[[ Exercise data open ]]

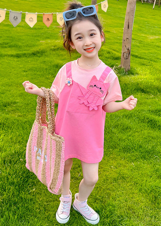New Pink O Neck False Two Pieces Cotton Girls Dress Summer EW044
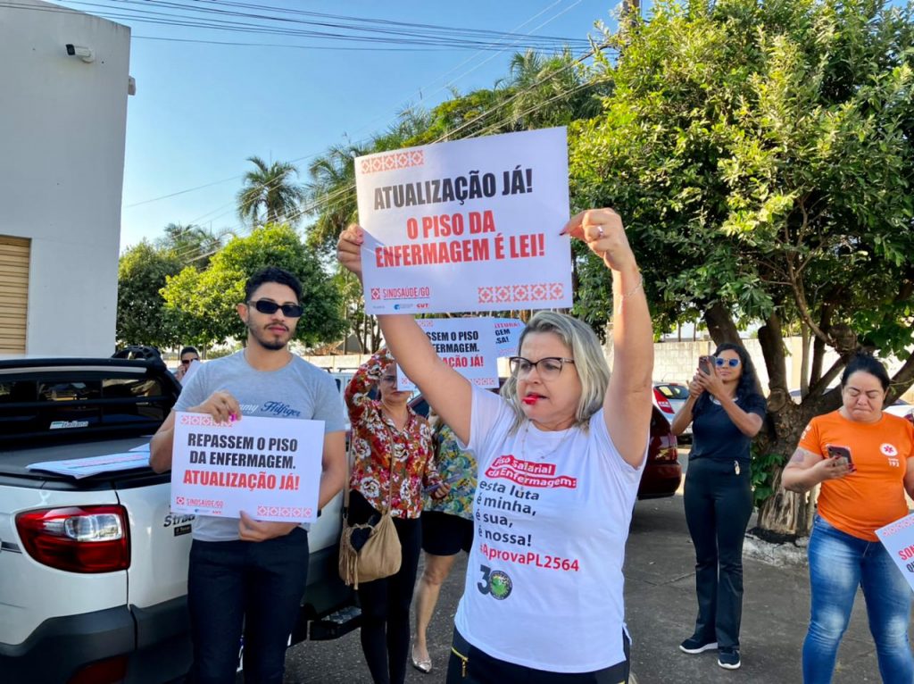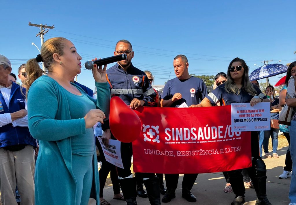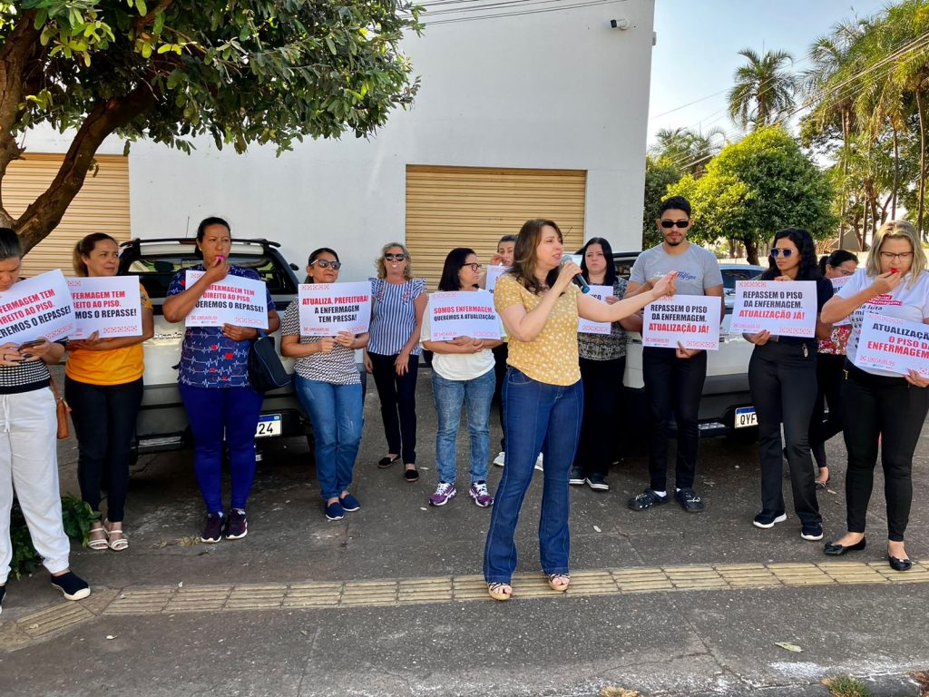 Antes iniciar a assembleia geral dos servidores da SMS, profissionais de enfermagem realizaram um ato em frente à Secretaria de Saúde para cobrar da pasta o repasse de informações ao Ministério da Saúde. Caso não efetue esse repasse, o Município deixará de receber a verba destinada ao pagamento piso da enfermagem.
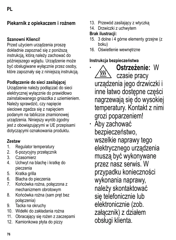 Cet appareil ne doit être branché que sur une prise de courant avec terre, installée selon les normes en vigueur. Assurez-vous que la tension d’alimentation correspond à la tension indiquée sur la plaque signalétique. Ce produit est conforme à toutes les directives relatives au marquage “CE”. Familiarisez-vous avec votre appareil 1. Sélecteur de température 2. Commutateur 6 positions 3. Minuterie 4. Poignée pour grille et plaque de four 5. Grille 6. Plaque de four 7. Embout du tournebroche (connexion du régulateur) 8. Embout du tournebroche (libre) 9. Plat ramasse-miettes 10. Palier de poignée du tournebroche 11. Tournebroche avec broches de maintien 12. Pierre à pizza 13. Cordon d’alimentation avec fiche 14. Porte du four avec poignée de la porte 18
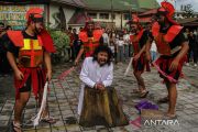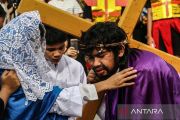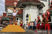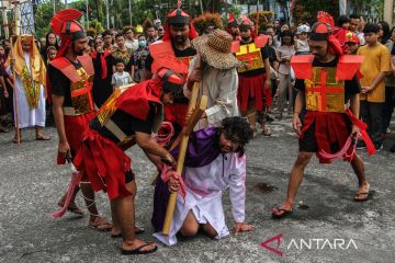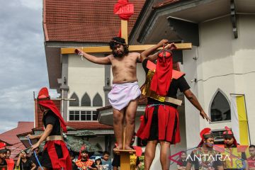 Umat Katolik memperagakan drama penyaliban Yesus Kristus dalam Tablo Jalan Salib di Gereja Katedral, Palangka Raya, Kalimantan Tengah, Jumat (18/4/2025). Drama penyaliban yang menggambarkan peristiwa penderitaan Yesus hingga wafat di kayu salib tersebut merupakan rangkaian ibadah Jumat Agung. ANTARA FOTO/Auliya Rahman/tom.
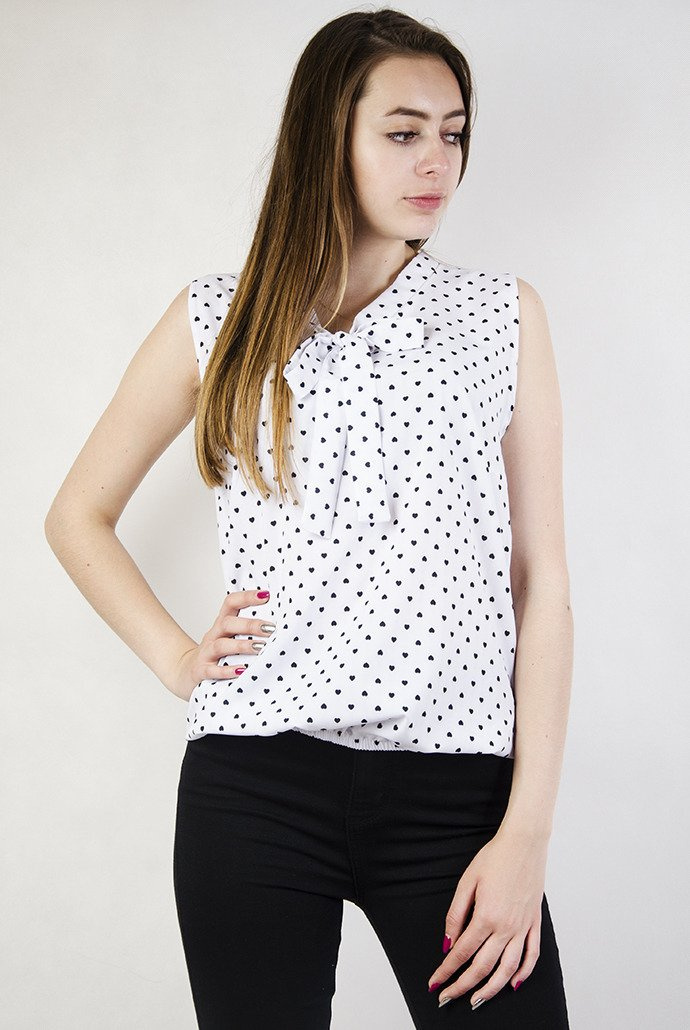 Biała, zwiewna bluzka w czarne serduszka.

[[ Exercise data closed ]]

= Problem to solve =
Pictures stay out of this copy. Retype exactly the lines from the one with "Umat Katolik memperagakan" through the last line of the data, both ends included, and nothing more.

= Exercise answer =
 Umat Katolik memperagakan drama penyaliban Yesus Kristus dalam Tablo Jalan Salib di Gereja Katedral, Palangka Raya, Kalimantan Tengah, Jumat (18/4/2025). Drama penyaliban yang menggambarkan peristiwa penderitaan Yesus hingga wafat di kayu salib tersebut merupakan rangkaian ibadah Jumat Agung. ANTARA FOTO/Auliya Rahman/tom.
 Biała, zwiewna bluzka w czarne serduszka.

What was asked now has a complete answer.